Huiles de schiste: voyage au pays de l’or noir, à 60kms de Paris

A moins de 60 kms de Paris, les sociétés Toréador et Vermilion ont débuté en toute discrétion une campagne d'exploration pour des huiles de schiste, forant dans la source d'eau potable de centaine de milliers de Franciliens.

A Paris, on n’a pas de pétrole. En tout cas pas à moins de 60 kilomètres de Notre-Dame. Il faut partir à l’Est, dépasser Meaux et La-Ferté-sous-Jouarre, ignorer les hameaux emmitouflés de forêt le long de la D204, continuer après le chapelet de vieilles fermes de La Butheil en direction de Rebai et ralentir pour regarder attentivement à droite quatre talus entourés de piquets de bois.

C’est là que Toréador, société pétrolière propriété du fonds d’investissement du frère de Patrick Balkany, espère faire fortune en tirant du pétrole des couches de schiste sous le plateau de la Brie. Et, jusqu’ici, le ministère n’a rien fait pour freiner ses ambitions. Surtout pas prévenir les habitants du coin !

Pour qu’ils l’apprennent il aura fallu beaucoup de chance et un débat national lancé par la révélation de l’exploration massive dans le Sud de la France en vue de l’extraction de gaz de schiste. Depuis quelques jours cependant, les mouvements de camions se sont calmés en Seine-et-Marne : histoire de désamorcer une polémique explosive en période de campagne pour les élections cantonales, Nathalie Kosciusko-Morizet a demandé l’arrêt des opérations dans toute la France jusqu’au 15 avril. Une simple pause. A la mairie de Doue, sur le territoire de laquelle Toréador a installé une de ses trois plates-formes du département (pour celles qui sont connues), une lettre de la préfecture est parvenue à la mi-février annonçant l’arrivée de véhicules et la reprise des travaux pour le lendemain de la fin du « moratoire » décrété par la ministre. Rien d’inhabituel dans ce petit coin de Seine-et-Marne où toutes les étapes de la procédure ont été soigneusement dissimulées aux habitants et aux élus.

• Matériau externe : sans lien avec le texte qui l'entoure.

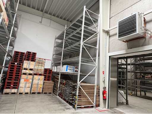 17 Felder mit boltlosen Stahlpalettenabsteller. 5 m hohe Pfosten, 2,7 m große Querträger mit Stahlabdeckungen. Insgesamt 175 Querträger.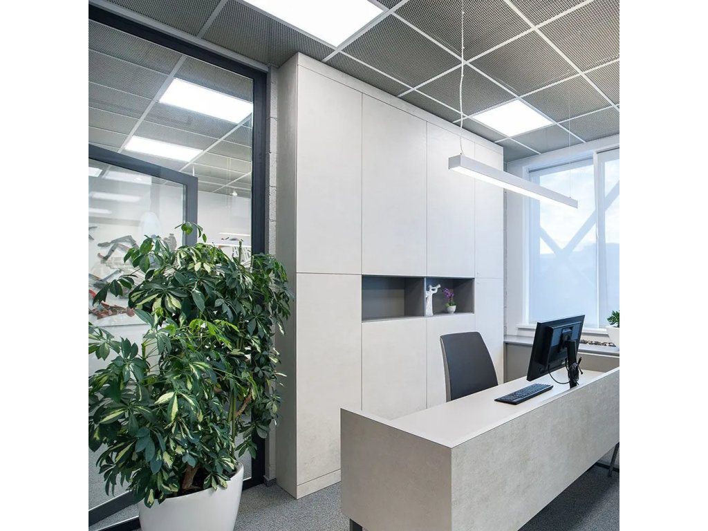 Sada 8 ks LED panelov 36W (595×595 mm) prináša moderné a úsporné osvetlenie s vysokou svietivosťou 4320 lm na panel (120 lm/W). Farebná teplota 4000K zabezpečuje príjemné denné biele svetlo vhodné pre prácu aj relax.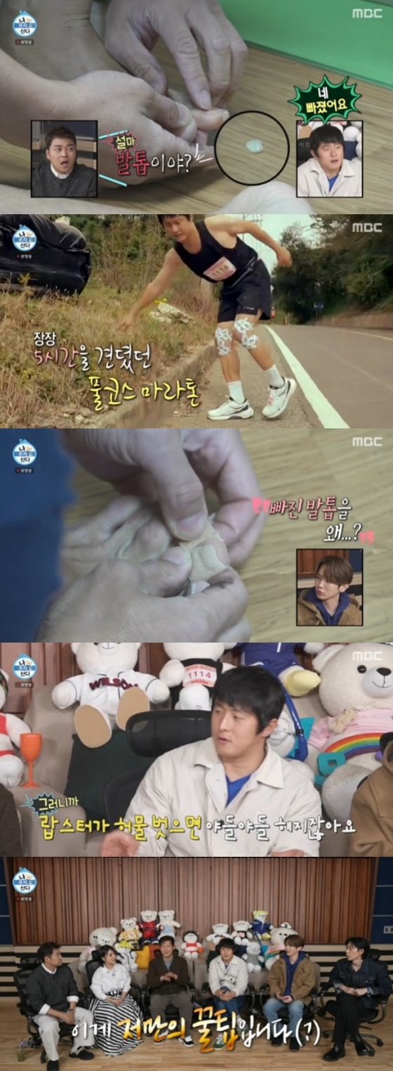방송인 겸 웹툰작가 기안84가 마라톤 후 빠진 발톱을 그대로 발가락 위에 놓고 다시 테이핑해 충격을 안겼다.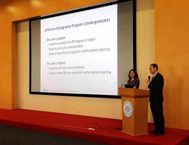 美国托马斯•杰斐逊大学一行首先参观了公司现代医学教育博物馆、影像楼超声及CT实训室和分子影像重点实验室。Michael Dryer教授对公司的发展理念、建设水平、体现的医学人文精神表示高度赞赏。同时,健康人文科学公司终身教授刘吉斌、副教授Traci B.Fox为bevictor伟德官网员工作了关于超声检查技术发展的精彩讲座。

Les ordres « venus d’en haut »

En septembre, alors que des représentants de l’Association de défense de l’environnement et du patrimoine à Doue participaient aux débats sur le Grenelle II, Jean-Louis Borloo signait l’arrêté ministériel autorisant Toréador à prospecter : en vertu du « permis de Château Thierry », la société se voit attribuer une zone de 779 km à cheval entre Aisne, Seine-et-Marne et Marne sur avis du ministère et des préfectures. Au niveau local, ce n’est que par un courrier envoyé à la mairie de Doue début août 2010 qu’on est informé de l’arrivée des bulldozers à l’automne.

Face aux demandes d’information du maire, la préfecture fait la sourde oreille et se réclame des « ordres d’en haut ». Début septembre, un dossier parvient à la mairie : le détail des opérations qui vont débuter dans les mois à venir, signé Toréador. Seul oubli : l’annexe 3, qui décrit la technique de fracturation hydraulique, jugée non pertinente dans un dossier décrivant l’exploration. Pas si inapproprié que ça en fait puisque le code minier définit les permis exclusifs de recherche (PER-H pour « hydrocarbures ») comme autorisant l’extraction et même la commercialisation des produits extraits.

C'est en allant déjeuner dans un restaurant de Doue que deux militants apprennent l'existence d'une deuxième plate-forme de recherche pétrolière.

Réunis dans un restaurant de Doue pour préparer une réunion sur la question, Caroline Pinet et Pierre Doerler, militants associatifs proches d’Europe écologie, sont interrompus dans leur discussion par le patron : « il avait eu à déjeuner des employés de Toréador qu’il avait remarqué car ils parlaient presque tous anglais, se souvient Pierre Doerler. Celui qui parlait français lui a expliqué qu’une plate-forme était en train de se monter sur le territoire de la commune de Jouarre. Nous avons pris notre voiture pour vérifier et trouvé les engins de chantier entrain de préparer la plate-forme. »

Quand l’équipe d’OWNI s’est rendue sur la plate-forme de Jouarre jeudi 16 février, les bulldozers avaient déserté, laissant en plan un champ boueux d’un hectare entouré de talus sur trois côtés au milieu duquel trônait un piquet de bois et une tige métallique bleue. Garé le long de la route, un employé de la Direction départementale de l’équipement et un groupe de salariés de Toréador nous ont aimablement salué avant de s’en aller. « Le maire de Jouarre était venu sur le chantier demander l’arrêt des opérations, » nous explique-t-on à la mairie. Mais la vraie décision est venue « d’en haut ». « Conformément à la demande de la ministre, les travaux ont été suspendus, nous répond-on en préfecture. Nous ne nous prononçons pas sur le sujet : nous ne faisons que relayer les communiqués du ministère sur la question. »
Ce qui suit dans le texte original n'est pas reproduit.